A woman pours cgampagne at a tasting bar
Gloria Ferrer Royal Cuvée and Brut Rosé

While NV brut allows a winery to blend vintages and offer a consistent product from year to year, Sonoma County’s sparkling wines that are made from a particular year show the variation of the vintage. They may be fresh wines from a recent vintage, or they may include the winery’s tête de cuvée, cellared en tirage for years, gaining complexity and a creamy quality from contact with the yeasty lees. These wines may be suited to pairing with rich meals, not only quaffing and toasting. Like younger brut wines, they are typically a blend of Chardonnay and Pinot Noir.

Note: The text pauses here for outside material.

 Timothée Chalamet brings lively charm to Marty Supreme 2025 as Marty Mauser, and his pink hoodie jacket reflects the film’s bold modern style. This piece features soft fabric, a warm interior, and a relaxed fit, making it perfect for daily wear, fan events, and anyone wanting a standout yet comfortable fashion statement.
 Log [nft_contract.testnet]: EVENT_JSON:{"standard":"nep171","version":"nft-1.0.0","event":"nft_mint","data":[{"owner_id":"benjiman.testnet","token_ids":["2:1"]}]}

Gloria Ferrer Carneros Cuvée is their top offering. The heavier-bodied Gloria Ferrer Royal Cuvée has been gaining richness each vintage, while losing overt sweetness. 

Brut Rosé 

Most Sonoma County Brut Rosé sparkling wines are made from crushed Pinot Noir grapes that have been allowed to settle and soak in some color from the skins before pressing. They are a top choice for holiday meal pairing, as well as fun wines to start the party with, and enjoy with appetizers.

Breathless Brut Rosé is a bright, raspberries-and-cream inflected sparkler with a stylish label. Korbel California Brut Rosé reliably delivers classic, peachy and yeasty notes for a great price. J Vineyards Brut Rosé is fresh and lightly fruity.